I believe in my case it's the 2nd degree polynomial.

The "set of all 2nd degree polynomials" does not form a vector space. As dwsmith said, \(\displaystyle P_2\) is the set of all polynomials of degree 2

**or less**.

Random Variable showed how to represent this transformation as a matrix- worth knowing for itself.

But for this problem, you don't have to do that. As dwsmith said, if \(\displaystyle p= ax^2+ bx+ c\), then \(\displaystyle T(p)= xp'= x(2ax+ b)= 2ax^2+ bx\). If \(\displaystyle \lambda\) is an eigenvalue for T, we must have some a, b, c, not all 0, such that \(\displaystyle T(p)= 2ax^2+ bx= \lambda(ax^2+ bx+ c)\).

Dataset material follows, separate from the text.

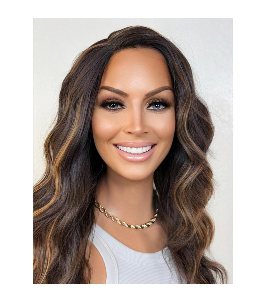Rich Chocolate Brown Wig, Waves Soft Flowing Caramel Ribbon Highlights Wig, Glamour Hairstyle Wig, Premium Swiss Lace Front Wig

Since that must be true for all x, we can set corresponding coefficients equal: \(\displaystyle 2a= \lambda a\), \(\displaystyle b= \lambda b\), and \(\displaystyle 0= \lambda c\).

If a is not 0, then \(\displaystyle \lambda= 2\), if b is not 0, then \(\displaystyle \lambda= 1\), and if c is not 0, then \(\displaystyle \lambda= 0\).

That is, 0 is an eigenvalue with eigenvectors any multiple of 1, 1 is an eigenvalue with eigenvectors any multiple of x, and 2 is an eigenvalue with eigenvectors any multiple of \(\displaystyle x^2\), exactly what Random Variable got.